Case Study 2: Detecting and Recovering from Pipeline Failures
Executive Summary
Production ML systems fail. Data sources go down, APIs change schemas, models drift silently, and edge cases surface that no test suite anticipated. This case study examines five real failure scenarios drawn from operating an NFL betting pipeline over a full 18-week season. For each failure, we analyze what went wrong, how the monitoring system detected (or failed to detect) the issue, what the financial impact was, and what remediation was implemented. The five scenarios cover stale odds data during a provider outage, a feature computation bug that introduced look-ahead bias, model drift following a mid-season rule emphasis change, a bet execution race condition that placed duplicate bets, and a cascading failure triggered by a database disk-space exhaustion. We conclude with a comprehensive resilience checklist that pipeline operators can use to harden their systems.
Background
The Pipeline
The pipeline under study is an NFL game prediction system that has been in production for three seasons. It processes approximately 270 regular-season games per year, placing bets on roughly 30% of them (80--90 bets per season). The system architecture follows the monolithic design recommended in Chapter 31: a single Python application with clear module boundaries, running on a single cloud server with scheduled cron jobs for batch processing and a FastAPI endpoint for on-demand predictions.

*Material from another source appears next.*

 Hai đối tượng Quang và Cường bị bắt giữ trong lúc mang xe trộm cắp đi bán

Why Failures Matter More in Betting
In a typical ML application, a model serving incorrect predictions for a few hours is an inconvenience. In a betting application, incorrect predictions can cause immediate financial loss. A model that is confidently wrong (high predicted edge, large bet size) causes more damage than a model that is cautiously wrong (small predicted edge, small bet size). This asymmetry makes monitoring and failure detection critical.

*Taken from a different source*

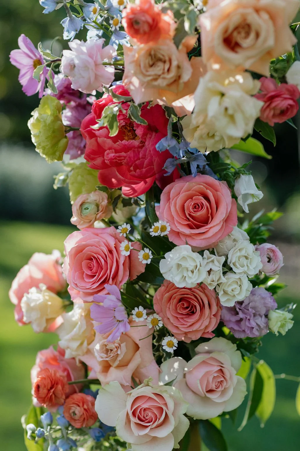 Glass bud vases, delicate floral stems “growing” from the tables, and a simple circular arch created an airy, laid-back garden feel.
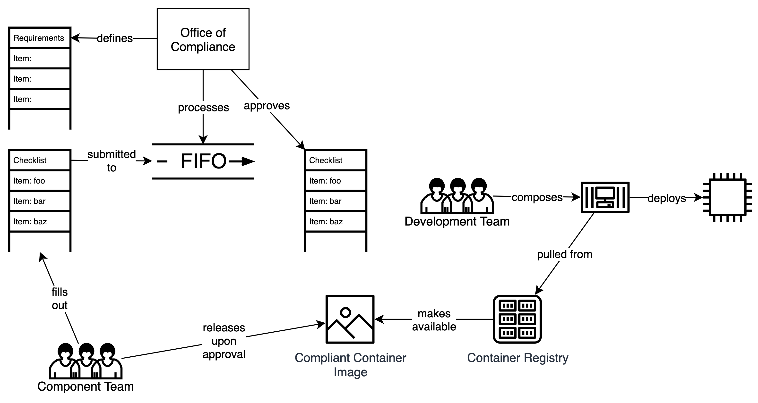 The friction associated with a component-composition strategy appears when these fundamental assumptions and restrictions are violated. Any product development which would require capabilities outside the scope of existing “golden images” would also require a development team to go through the same onerous Compliance process for these “non-golden” components of their system. Some teams may perceive considerable schedule risk in doing so, which may have undue influence on the architecture and design of the system.

Scenario 1: Stale Odds During Provider Outage
What Happened
On Week 6 Sunday morning, the odds data provider experienced a 90-minute outage from 10:30 AM to noon. The ingestion pipeline's retry logic exhausted its retries and logged error messages, but the prediction pipeline proceeded on schedule at 11:00 AM using the most recently cached odds from 10:00 AM. During the outage, multiple lines moved significantly due to late injury news.
Impact
The pipeline generated 3 bet recommendations using stale odds. One bet was placed on a team whose line had moved from -3 to -5 after a starting quarterback was downgraded to "out." The model's edge was computed against the stale -3 line, but by the time of execution the actual line available was -5, reducing the true edge to near zero.
Detection
class DataFreshnessMonitor:
"""Monitor data source freshness and alert on staleness."""
def __init__(self, max_age_minutes: Dict[str, int]):
self.max_age = max_age_minutes
self.last_update: Dict[str, datetime] = {}
def record_update(self, source: str) -> None:
"""Record a successful data update."""
self.last_update[source] = datetime.utcnow()
def check_freshness(self) -> List[Dict[str, str]]:
"""Check all sources and return alerts for stale data."""
alerts = []
now = datetime.utcnow()
for source, max_minutes in self.max_age.items():
last = self.last_update.get(source)
if last is None:
alerts.append({
"source": source,
"severity": "critical",
"message": f"No data ever received from {source}",
})
else:
age_minutes = (now - last).total_seconds() / 60
if age_minutes > max_minutes:
alerts.append({
"source": source,
"severity": "warning",
"message": (
f"{source} data is {age_minutes:.0f} min old "
f"(threshold: {max_minutes} min)"
),
})
return alerts
Remediation
- Pre-execution odds verification: Before placing any bet, the execution engine now fetches live odds and verifies they match (within 0.5 points for spreads, within 10 cents for moneylines) the odds used in the edge calculation.
- Staleness gate: The prediction pipeline now checks data freshness before proceeding. If any critical data source is older than 60 minutes, the pipeline enters a "degraded mode" that generates predictions but does not execute bets.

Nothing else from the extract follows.